Randomized controlled trials have compared primary PCI alone with primary PCI with insertion of a stent in the infarct-related artery. Stent placement did not affect mortality but resulted in reduced restenosis and reocclusion rates during the ensuing 6 months.^{29 - 30} In another study, the platelet GP IIb/IIIa inhibitor abciximab was evaluated to determine whether its administration at the time of primary PCI improved clinical outcomes.³¹ Abciximab administration reduced subacute thrombosis, recurrent ischemia, and repeat revascularization procedures during the first month after primary PCI or stenting. However, it did not improve blood flow rates or reduce the rates of angiographic restenosis, late reocclusion of the infarct-related artery, or clinical outcomes at 6 months. Whether earlier administration of platelet GP IIb/IIIa inhibition leads to improved blood flow in the infarct-related artery at baseline is not known.

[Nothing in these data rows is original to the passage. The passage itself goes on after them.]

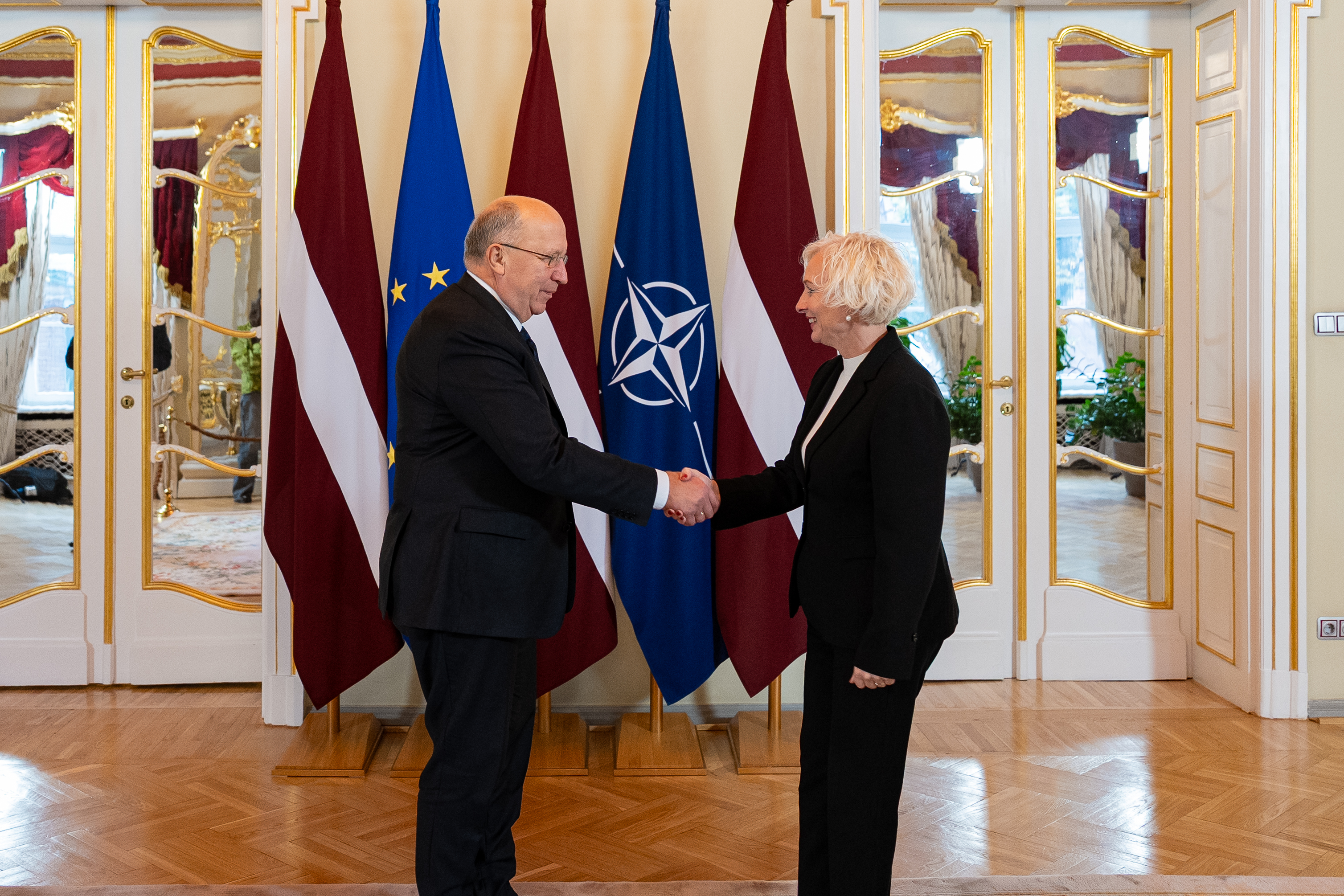 2025.gada 9.oktobris. Saeimas priekšsēdētāja Daiga Mieriņa tiekas ar Eiropas Komisijas Aizsardzības un kosmosa komisāru Andrjus Kubiļus (Andrius Kubilius). Foto: Juris Vīgulis, Saeima Izmantošanas noteikumi: saeima.lv/lv/autortiesibas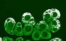 Monoxyde d'azote (en blanc) rendu visible dans des cellules de conifères, par l'utilisation de DAF-2 DA (diacétate de diaminofluorescéine).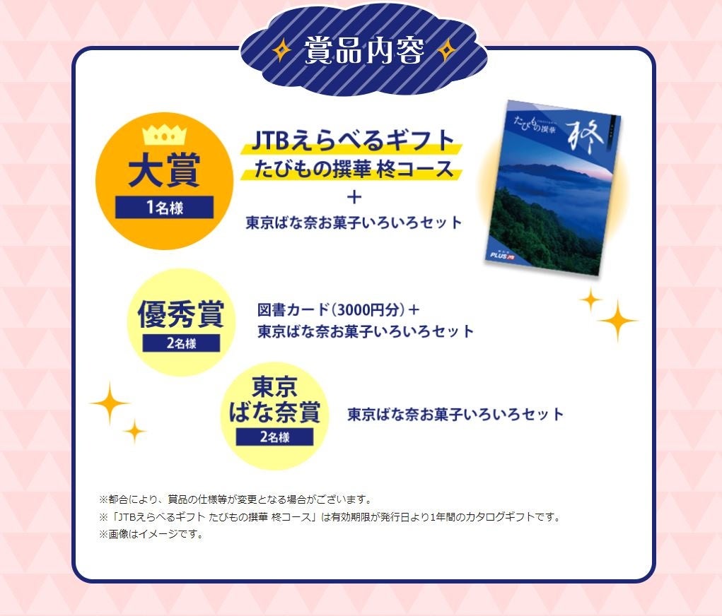 大賞(1名様):「JTBえらべるギフト たびもの撰華 柊コース」、東京ばな奈お菓子いろいろセット
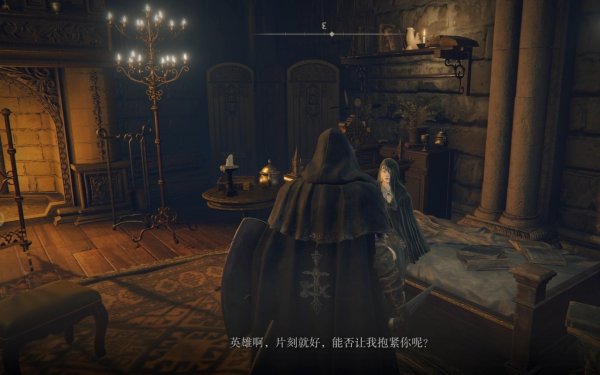 2、在圆桌厅堂最右侧的房间中可以找到该NPC,与其交谈后她会提出拥抱我们的请求。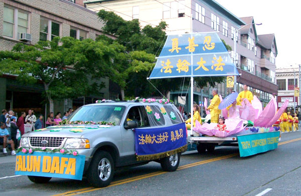 【明慧网2005年7月29日】2005年7月24日,来自美国华盛顿州各地和俄勒冈州波特蓝的法轮功学员,参加了一年一度的西雅图中国城海洋节游行(Chinatown Seafair Parade),受到中西方民众的热情欢迎。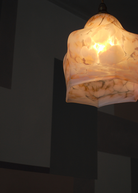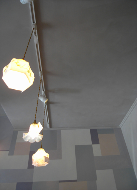 バックの壁は、もともとパイン材を張り合わせたものを、石灰塗料を使って古めかしく。
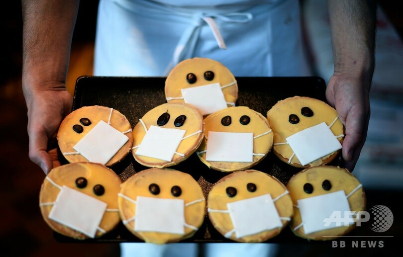 【3月27日 AFP】世界中で新型コロナウイルスの感染拡大が続く中、ドイツ西部ドルトムント(Dortmund)のベーカリーでは、トイレットペーパーロール形のケーキやマスク姿のスマイリービスケットなどが販売されている。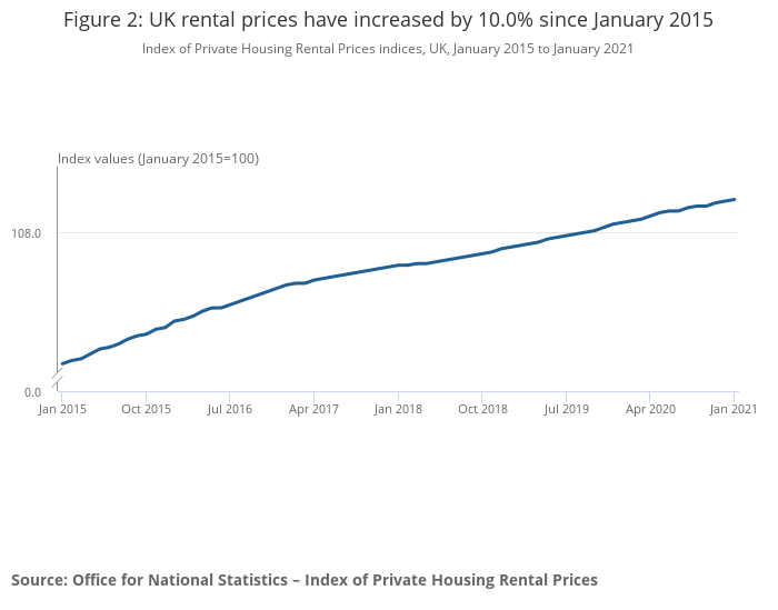 In the 12 months to January 2021, rental prices for the UK excluding London increased by 1.5%, down from 1.6% in the 12 months to December 2020 (Figure 1). London private rental prices increased by 0.8% in the 12 months to January 2021, down from 0.9% in the 12 months to December 2020.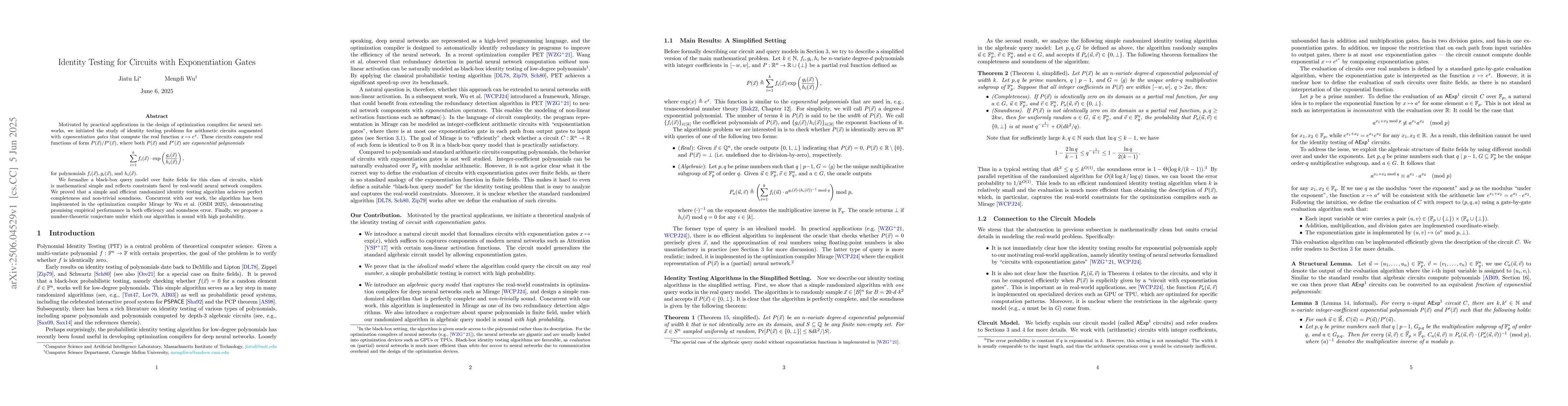 The research formalizes a black-box query model over finite fields for arithmetic circuits extended with exponentiation gates, reflecting constraints faced by real-world neural network compilers.

Facilitated PCI refers to treatment with low-dose thrombolytics, platelet GP IIb/IIIa inhibitors, or both prior to PCI. The rationale for this approach is to provide the earliest possible pharmacologic reperfusion before attempting definitive mechanical revascularization of the infarct-related artery. Four RCTs have compared facilitated PCI with primary PCI.^{32 - 35} These studies have shown no benefit and possible harm associated with the facilitated approach, primarily because of increased bleeding complications. Additional RCTs enrolling larger numbers of patients are ongoing and will evaluate the effectiveness and safety of this approach using various doses and combinations of thrombolytic therapy and platelet GP IIb/IIIa inhibition.

The primary treatment objective in patients with STEMI is to reestablish coronary blood flow in the infarct-related artery as quickly as possible. The available data suggest that when available and performed in experienced centers primary PCI is the method of choice to establish reperfusion.